Someone help me understand this comment. I understand that the poster has misunderstood my intent, which is fair enough, however I find is puzzling that one could think I am whining. I thought I was being a bit of a jerk for coming outright and saying what I’m confident is a common viewpoint of neurodivergent people.

Peter B
Peter B
8 months ago
Reply to  Arthur King

Your comment seems reasonable to me and there’s no evidence that you’re a jerk !
A lot of us find attention seekers tiresome. Although we may also be closet attention seekers by posting comments here …
I’d suspect that a lot of people posting here have autistic traits – as many have admitted (I may well be one too).
I think there is a distinction between diagnosis (this ought to be relatively quick and easy) and treatment (which may be slow, expensive and not always successful).
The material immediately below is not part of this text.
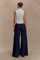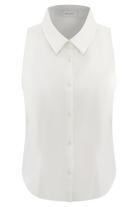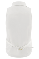 The SELENE Sleeveless Halter Shirt is a fresh update to classic shirting. Designed with a sharp collar and button front opening, this fitted silhouette features a back belt detail that cinches the waist for a flattering, feminine shape. The curved hem adds softness to its structured design, while the unlined finish keeps it lightweight and breathable. Perfect for polished days or elevated layering, this shirt is your go-to for versatile, refined styling.
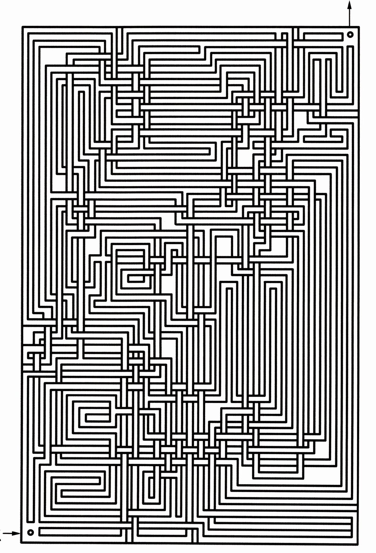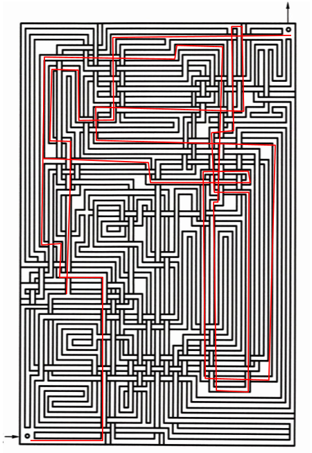 下面是一幅水管图,错综复杂,你能从“起点”出发,为水管找出路,走到“终点”吗?找到一条即可。

I suspect that a large proportion of diagnosed cases don’t require a lot of – if any – treamtment.
If you are not severely autistic and unaware of your autism, a diagnosis alone might be useful in understanding why your behaviours don’t always produce the results you expect in others. And you might be able to fine tune things you do and say – or at least be more aware of the effects you have on others.
At least, that’s what I’m telling myself.